The purpose of motivation research, especially strong in the marketing field during the 1950s, was to provide an understanding of the reasons that move people to behave in one way or another. Ernest Dichter and Louis Cheskin are known as the two key proponents. Dichter declared that rationalism was a kind of fetishism and that the desire to seem sensible to oneself and to others makes it difficult if not impossible to have direct access to pertinent information regarding motivation. Cheskin discovered that perceptions were influenced by factors formerly thought to have little importance.

Influenced by psychoanalysis and the success it had in being able to identify some of the deep-lying motives behind human behaviors, motivation researchers explored the possibilities of similarly explaining and understanding why consumers exhibited the behaviors that they did, behaviors that were often considered to be irrational. Such explanation and understanding, motivation researchers believed, would lead to better and more successful relations with consumers. Organizations that understood the deeper reasons behind why consumers felt and thought as they did and acted as they did would be able to further satisfy the needs or desires of their consumers, know better what and how to communicate to and with their consumers, and, when necessary, be more effective in controlling or modifying the behaviors of consumers. It seemed logical that as the reasons for them were explained, behaviors would be better understood, and better understanding would mean better success in interacting with and responding to consumers and their behaviors.
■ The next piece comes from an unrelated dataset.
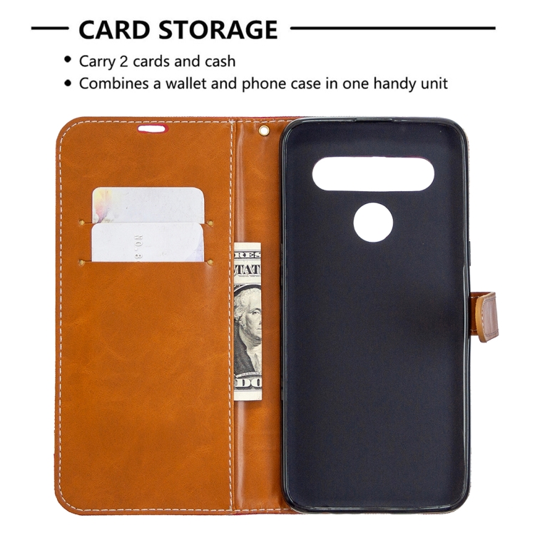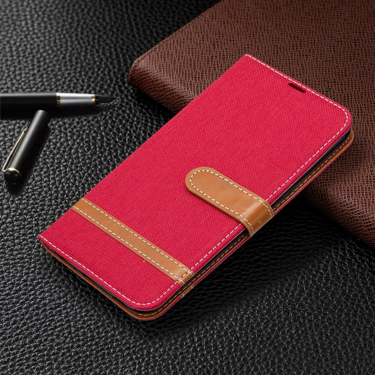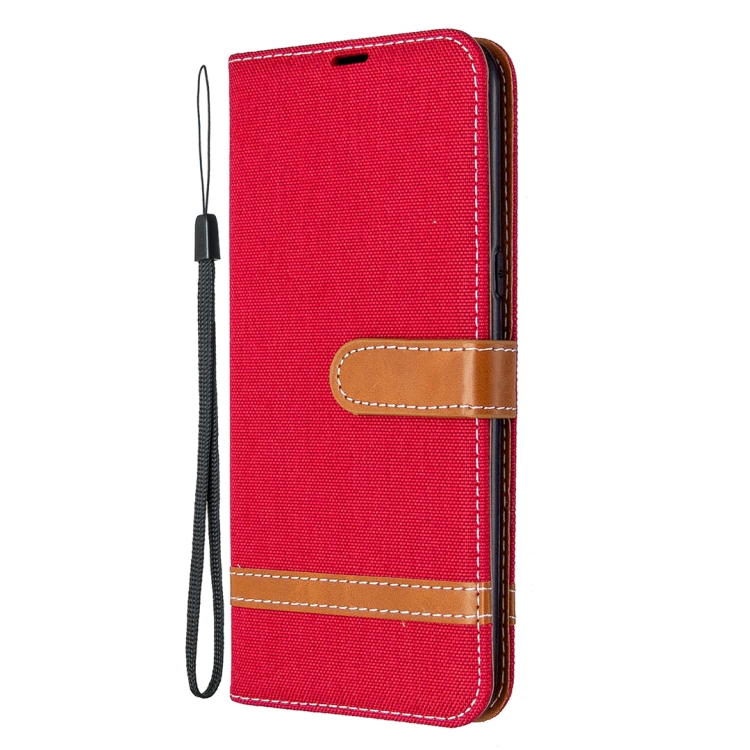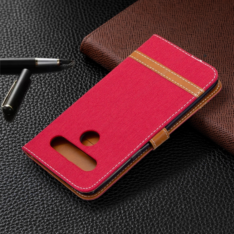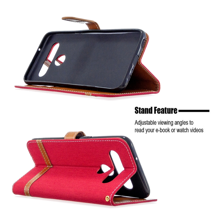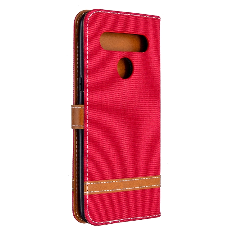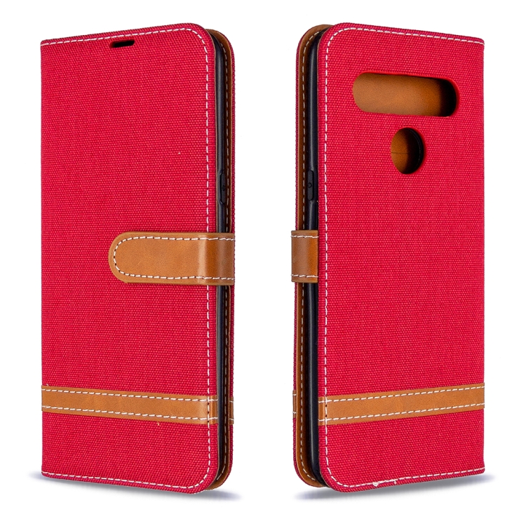 Funda de Cuero para LG K61 con Tapa Horizontal, Textura Mezclilla, Soporte, Ranuras y Cordón (Rojo)

Helped by the work of the sociopsychologist Kurt Lewin, who analyzed and described the way obstacles operate in psychological behavior, Dichter and Cheskin proposed that advertising techniques should work on motivations by way of strengthening positive, deeper significations and minimizing any that act as an obstacle. As Sidney Levy (1999), who was one of the pioneers of motivation research in marketing, indicates, a number of scholars along with Dichter and Cheskin, as well as a number of business people, played a key role in the growth of motivation research and in its applications to advertising and other marketing efforts.

Given the reasoning that guided them, motivation researchers used techniques similar to those of psychoanalysts to get at deeper reasons underlying consumers' behaviors. Unlike a patient and his or her analyst, however, the motivation researcher and the consumer could not, practically, spend months and years in analysis; but the reasons behind consumption behaviors were not, hopefully, as deeply sub- or unconscious, hidden, and difficult to bring to consciousness. Thus, motivation researchers thought that methods such as in-depth interviews that lasted around one or two hours and focus groups that lasted somewhat longer and provided the opportunity for consumers to resonate with each other could get to sufficiently deep and informative reasons underlying consumer feelings and actions. Further used were “projective” techniques that also came out of psychoanalysis and that provided insights into reasons otherwise not easily expressed by consumers.